Будь спок! Шестидесятые и мы - страница 5



В «Облаке» красное солнце – зловещий и одновременно радостный образ пробудившегося сознания. Радостный – потому что Иванов очнулся от автоматизма своего существования, стал жить – чувствовать (пока еще не думать), как живой, подлинный человек. Зловещий – потому что его сочтут безумцем. Да может быть, и не без оснований, слишком уж много сразу ворвалось в его примитивное сознание, и еще неизвестно, сумеет ли оно справиться с этим.

В «Снабсбыте» краснеющее лицо директора и фантастического Снабсбыта, огоньки сигарет – воплощениестрахов героя, от которых ему предстоит избавиться на пути к вочеловечению.

В «Адамчике» вместе с красными лампами в мир едва родившегося для жизни среди людей, доверчивого к миру, постоянно всему удивляющегося человека, клубка нежности и агрессии, – приходит время. Это не внутреннее время души, а время конвейера, пустое и механическое. Время человечности, событийности еще не настало, пока – лишь мертвящий белый циферблат и беспокойные, требовательные лампы. Против такого времени бунтует юный автобиографический герой в рассказе «В пятьдесят втором году». Его злой воспитатель Темп (говорящее имя!) дарит ему карманные часы, но герой отказывается их носить, вешает их на окно в комнате дарителя, а потом роняет и разбивает, вызвав бешенство Темпа. А в «Буднях Логинова» опустошенному, при жизни почти умершему герою снится сон с десятками остановившихся наручных часов, будто бы взывающих к его жалости. Душа пробуждается, но шанс подлинного времени уже упущен.

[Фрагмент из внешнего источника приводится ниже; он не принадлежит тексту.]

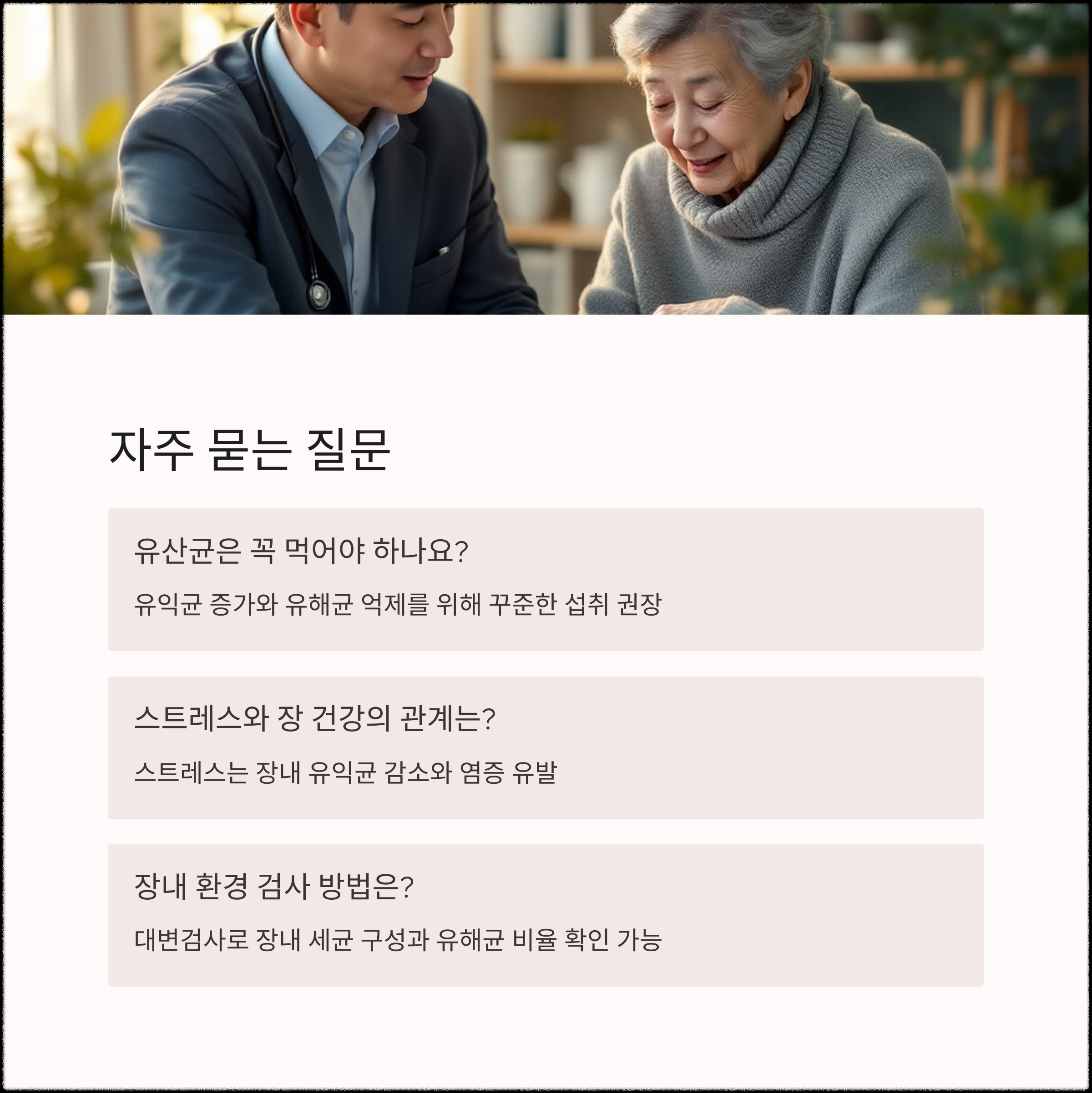 스트레스도 장내 환경 악화의 중요한 요인 중 하나입니다. | 요구르트, 김치, 된장 등 발효식품도 훌륭한 유산균 공급원입니다. | 장 건강은 면역력과 피부, 정신 건강에도 영향을 줍니다. |

Разрушение всех связей между людьми и изувеченное время («Я вспомнил: «Thetimeisoutofjoint», – распалась связь времен, свихнулось время, время вышло из сустава, оно вывихнуто») – едва ли не главные темы эссе Рида Грачева: «В момент, когда я пишу эти заметки, более, чем когда-либо я чувствую, что наступила полная эмоциональная смерть мира… Безлюбие – вот то состояние, которое мы теперь достигли».

Утрачено сознание. Утрата сознания – и отдельным человеком, и обществом равнозначна остановке времени. Остановилось время, наступило безвременье. То, что в плане индивидуальном проявляется как безлюбие, на уровне общества оказывается безвременьем. Безлюбие и безвременье – вот практические результаты двух третей двадцатого столетия.

(«Реальность человека»)

Кажется, красные всполохи в прозе Рида Грачева – тоже об этом.

Ну и что? Установили параллель между прозой и публицистикой – подумаешь! Но дело в том, что это не параллель. Это нераздельное единство – пусть здесь лишь на одном примере.

Но вот еще один. В эссе «Значащее отсутствие» писатель говорит о тех вещах, которых уже нет (от выбитого зуба до убитого философа), – лишь на памяти о них держится современное общество. Для Рида Грачева сознание «значащего отсутствия»– это совесть. Потеряв ее, точнее, память о ней, человечество погибнет сначала интеллектуально, а потом физически.

Мы убрали последние мишени, и луг стал таким, каким он был сто лет назад.

Луг, на котором пасутся коровы.

Луг, над которым жаворонки поют по утрам.

Луг, под которым буравят землю кроты.

Нам хотелось так думать об этом луге. Но все мы знали, что это не так. Потому что луг пересекали заросшие травой канавы. Раньше здесь было поле. На нем рос ячмень, а по канавам бежала вода. Потом канавы заросли травой, и на поле появились ямы.

…Может быть, от первого взрыва загорелся ячмень. И когда люди бежали по полю, под их ногами горели колосья. Люди падали на горячую землю.